Tuesday, February 19, 2008

Fragmento XLIX

Onde e quando tudo começou. Aqui. No coração doente. Nas palavras que nunca mais chegavam. Como se houvesses de facto morrido. Mal durmo e o mais ligeiros espasmo de vento é suficiente para me acordar. Suspeitei do teu suicídio, apesar de me dizerem que estás bem de saúde e, talvez, somente um pouco pálido. Há muitas formas de morrer e a mais banal não é a verdadeira, a de faca e alguidar, mas a outra, silenciosa e triste, desesperada e muda, que se recusa a falar.
Eras tão tímido que o silêncio em ti era melodia, interrompida por esparsos sorrisos e palavras meigas e tolas. E era porque fingias solicitude que eu acreditava que gostavas de mim.

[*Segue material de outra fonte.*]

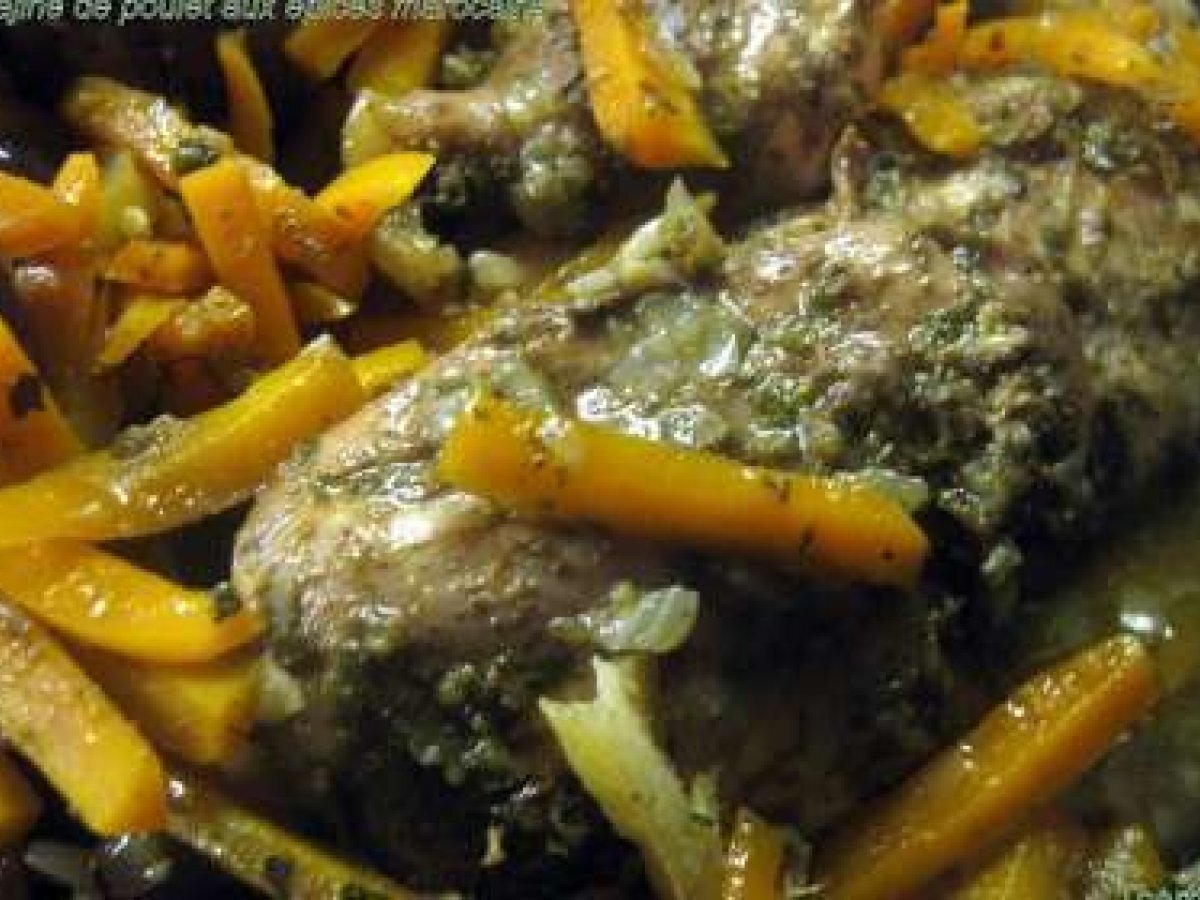 Tajine de poulet aux épices marocains PrécédentSuivant Platmoyen1 h 30 m Envoyer cette recette à un ami Imprimer cette page Poser une question à l'auteur Publier votre photo de cette recette Ingrédients 6 4 cuisses de poulet et 2 blancs 3 gousses d'ail pressées 3 càs d'épices marocains (ou épices à tagine) 1 poignée de coriandre fraîche 2 càs d'huile d'olive 4 oignons coupés en cubes 1 verre à moutarde de bouillon de volaille 5 belles carottes écorces de citron confit olives violettes Sel et poivre

- Levantaste-te, hoje, tão tarde minha querida! Ainda não se te acabaram as enxaquecas?
Louco que tu eras! Como se eu não fingisse tudo. As dores, a asma, numa espécie de candura histérica com que pretendia manter-te preso a mim.
Asfixia lenta como uma botija de gás aberta numa cozinha onde estivéssemos fechados, tu e eu. Batoteiro. Ralhavas-me e fingias tão bem como eu que não sabias do que se tratava.
A lealdade era em ti uma espécie de vício morno e cálido que te protegia de maiores tentações.
No gira-discos, ouço velhas canções cobertas de riscos e da poeira do tempo, faúlhas de velhas fogueiras, chamas mal apagadas, cicatrizes e feridas que ainda sangram...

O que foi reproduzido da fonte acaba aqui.